Sample Answer: “My long-term goals include being a top-performing employee at a multinational company like yours. Since professional growth is a big deal for me, I want to be rooted in a job where I can continue to learn, take on additional responsibilities, and contribute as much value as possible to the team. If given the chance, I would also take full advantage of going back to school to pursue a master’s degree to become more knowledgeable about the ins and outs of the industry.”
19. If you get the job, what can we expect from you in your first three months?
Typically, expectations for the employment are established by the employer. However, some businesses want to make a change and put the initiative in your hands.
It's quite acceptable if your response to this question during a job interview doesn't go too technical or descriptive. Don't worry about not having enough inside knowledge to provide a great response—after all, it's only a hypothetical question.
Sample Answer: “I intend to take full advantage of your organization’s great reputation for offering professional growth and training to increase my worth to the business in the first three months. You can expect me to remain proactive while taking in the organization’s processes and to eagerly ask for tasks that can positively impact the company’s output, including assisting colleagues with tasks that I’ll be handling in the future.”
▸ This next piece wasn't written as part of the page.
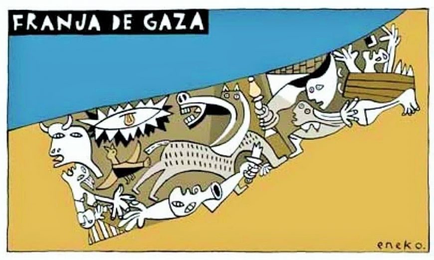 La loca carrera de Israel sigue su curso, pero en condiciones cada vez más inquietantes por su contexto de múltiple y creciente tensión bélica internacional. Israel es un país pequeño sin recursos naturales y rodeado de estados hostiles y poblaciones árabes radicalizadas por décadas de injusticia y doble rasero. En las propias metrópolis europeas, Londres, París, Berlín…, donde se prohíben las manifestaciones en apoyo a Palestina, se palpa esa tensión. Estados Unidos, el gran valedor de Israel, está en posición delicada. Su guerra por poderes en Ucrania se ha convertido en un agujero negro. (90.000 bajas ucranianas desde el inicio de la desastrosa contraofensiva el 4 de junio, según declaró Putin el 5 de octubre, y el dato es creíble). Las reservas de armamento de su ejército están agotadas. El Pentágono se está preparando abiertamente para la guerra con China mientras libra indirectamente una guerra contra Rusia. Por si fuera poco, Biden está en el centro de la pelea en el interior del establishment americano, sin precedentes por la criminalización entre candidatos adversarios a las presidenciales del año que viene.

20. What are your salary expectations?
A primary consideration before every job interview should be figuring out your desired salary (and researching what others in the position really make).
You need to strike a balance when responding to this interview question in order to avoid underselling yourself or overrequesting. Keep in mind that companies are determining whether they can afford you, so one mistake could cause you to withdraw from consideration.
Sample Answer:“Taking into account my experience and relevant certifications, which you mentioned earlier would be very helpful to the team, I’m looking for a salary between $40,000 to $42,000 annually.